Here you see an activity aimed at guessing the book, which is included in the list of 50 must-reads in world literature. The students are provided with a brief description of a book and make their guesses.

Options:

• The students might work individually or in teams.

• You may prefer to give or not to give the variants of answers and the hints, depending on the students’ cultural awareness.

• They must name the title and the author.

Book Descriptions:

1. This 2,700-year-old epic, the oldest surviving piece of Western literature, is the work from which the poetic tradition arose.

Hint:

This is an epic written by a famous Greek poet, dating probably from the 8th century BC and it is considered the first artfully shaped creation in Western literature.

2. This 1852 novel, depicting the suffering of slaves in the southern United States, is credited with hastening the arrival of the American Civil War.

Hint:

Published when public opinion about slavery was divided in the free states, this book turned the tide against the South’s “peculiar institution”. When President Lincoln met the author of the book he said: “So you are the little woman who wrote the book that made this great war.”

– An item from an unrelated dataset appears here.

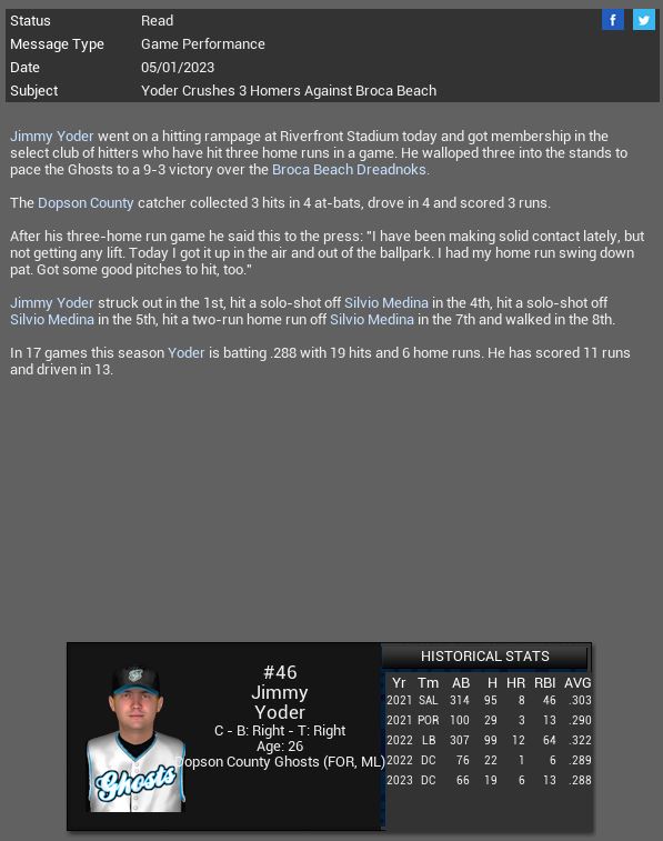 Go Back   OOTP Developments Forums > Out of the Park Baseball 25 > OOTP Dynasty Reports
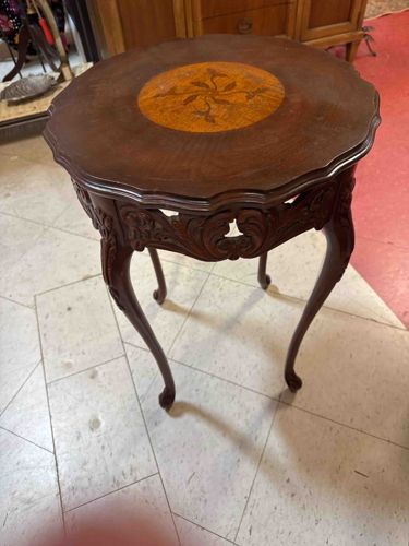 A vintage small-scale occasional or side table typical of mid-20th-century Italian furniture manufacturing. The piece features a scalloped, pie-crust edge top with a prominent central marquetry inlay consisting of lighter wood veneers depicting a floral or foliate motif within a circular medallion. The wood appears to be a stained mahogany or walnut with a dark reddish-brown finish. The apron is heavily decorated with pierced, rococo-style scrolling and acanthus leaf carvings, giving it a highly ornate appearance. It is supported by four slender cabriole legs that exhibit minimal carving at the knees and terminate in small scroll or whorl feet. In terms of condition, there is visible surface wear to the top, including scuffing, loss of luster, and a significant amount of dust or possible finish clouding. The marquetry remains intact but shows signs of age. The craftsmanship suggests a mass-produced piece designed to emulate the 18th-century French Provincial or Rococo Revival style. No maker's marks are immediately visible from the top view, but the construction and styling are highly characteristic of 1950s-1970s Italian exports.

3. This debut 1962 novel transformed an unknown Russian mathematics teacher into an international symbol of dissent.

Hint:

It is a story of an average day in a Siberian forced-labour camp based on the author’s experience. This short novel profoundly affected the Russian people, serving as the first step in opening their repressive society.

4. This definitive anthology, published in 1623, enabled the work of the world’s most widely read playwright to survive in perpetuity.

Hint:

This book was published shortly after the author’s death by his friends who gathered all the versions in the original. Known also as the First Folio, it contained 18 unpublished works and the 17 plays, comedies and tragedies.

5. Published in 1900 by a Viennese psychologist, this monumental study has been credited as “the founding document of a new scientific movement”.

Hint:

The significance of this book is summed up in the author’s first sentence: “I shall demonstrate that there is a psychological technique which makes it possible to interpret dreams, and that on the appreciation of this technique, every dream will reveal itself as a psychological structure…”

6. This 1916 publication on theoretical physics set forth the most profound scientific discovery since Isaac Newton’s treatise on gravitation and rivaled any similar findings in world’s history.

Hint:

This study changed the way physics thought about gravitation, space, time, mass, velocity, and energy. It upset Newton’s applecart, which had prevailed for 200 years.

Books Themselves:

1. Iliad (Homer)

2. Uncle Tom’s Cabin (Harriet Beecher Stowe)

3. One Day in the Life of Ivan Denisovich (Alexander Solzhenitsyn)

4. Mr. William Shakespeare Comedies, Histories, and Tragedies (John Heminge and Henry Condell)

5. The Interpretation of Dreams (Sigmund Freud)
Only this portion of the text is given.